Der LG IPS235P ist nun mal ein Monitor der sich so wohl bei Tests als auch im Spielbetrieb bewährt hat. Zudem hat er eine sehr geringe Serienstreuung, sowie ein sehr geringes IPS-Glitzern. Wenn dann auch noch der Preis stimmt sind alle Punkte für einen neuen P/L-Monitor erfüllt. Ein Tick darunter liegt der LG IPS237L welcher von der Reaktionszeit her zwar etwas schneller ist, aber dafür etwas schlechtere Farbabstufungen hat. Da sich dieser Reaktionszeitunterschied nicht spürbar auswirkt, bleibt der LG IPS235P Preis-Leistungsmonitor. 


Gruß
Pain


----------



## Marcellus5000 (23. August 2013)

<> schrieb:


> Ich persönlich habe den Vorteil, das ich viele Geräte mir persönlich anschauen kann.


 
Hast Du Dir auch mal einen asus ve247h angscheschaut und wenn ja: Was hälst Du den von diesem? Dieser hat ja laut dem aktuellen Heft bessere Werte für Reaktionszeit, Input Lag und liegt preislich auch in dem Bereich des LG IPS235P.


----------



## Painkiller (23. August 2013)

Den Asus hab ich mir leider noch nicht angeschaut. Dafür diese Asus: ASUS VE248H, 24" (90LMC3101Q01041C) Preisvergleich | Geizhals Deutschland
Hier war leider ein störender Gelbstich zu sehen. Dazu kam wirklich nerviges Ghosting. 

Wenn du auf der Suche nach einem guten TN-Monitor bist, kann ich dir diesen hier empfehlen: http://geizhals.at/de/asus-vs248h-90lme3101q00041c-a668654.html
Das ist der ehemalige P/L-Monitor. Für ein TN-Panel hat er wirklich brauchbare Farbabstufungen. An ein IPS-Panel kommt er trotzdem nicht heran. 

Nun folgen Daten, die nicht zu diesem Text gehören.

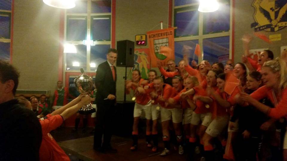 Na een ererondje langs het publiek, met vuurwerk en al, kregen we bloemen en konden we in polonaise de kantine betreden voor de prijsuitreiking. Het koude biertje had het hele seizoen nog niet zo lekker gesmaakt als vanavond. En wat een heerlijk moment: onze naam werd genoemd en al springend mochten we het podium betreden. We overtroffen al het feestgedruis en Achterveld is weer op de kaart gezet. Met gouden plakken om onze nek en onze Bekerbaby in de hand was het tijd voor een heerlijk verfrissende douche. Want de avond zou nog lang gaan worden!

> Was hälst Du den von dem?


Es ist halt ein TN-Monitor. Von daher erwarte ich persönlich davon keine Konkurrenz zum LG. Das ist und bleibt meiner Meinung nach der größte Kritikpunkt. Wer schon mal ein IPS-Panel in Aktion gesehen hat, sieht das sicher genau so. Wenn der Kontrast nicht stimmt, dann geht iwie auch die Spielatmosphäre kaputt. 

Hier ein kleiner Bildvergleich:
Links der TN-Monitor und rechts einer mit IPS-Panel.



Spoiler






			Dieser Inhalt steht nur eingeloggten Mitgliedern zur Verfügung.
        


Bildquelle: http://extreme.pcgameshardware.de/m...esen-spiele-update-widescreen-fixer-test.html


----------



## Nierah (23. August 2013)

Ich hätte mal eine Frage und wollte deswegen kein neues Thema aufmachen.

Den LG IPS237L gibt es derzeit für 145€ während der LG IPS235P bei 165€ etwa liegt. Müsste der 237L dann nicht das bessere P/L Verhätnis haben und eher zu empfehlen sein? 

Wollte mir evtl. einen der beiden zulegen als 2.Monitor mit dem man auch fernsehen schauen kann. Geht das mit einem digi Receiver über HDMI? Dachte wegen der Blickwinkelstabilität müssten die ganz gut dafür geeignet sein. Größe wär mir nicht so wichtig.

mfg


----------



## mr.4EvEr (23. August 2013)

Hi Nierah,

normalerweise ist es besser, wenn jeder möglichst sein eigenes Thema erstellt, somit haben wir hier eine bessere Übersicht. 
Der IPS237L hat eine etwas bessere Reaktionszeit als der IPS235P, allerdings ist der Fuß des IPS237L sehr labil und starr.
Der IPS235P lockt dafür mit dem stabileren ergonomischen Fuß und einem etwas besserem Farbraum.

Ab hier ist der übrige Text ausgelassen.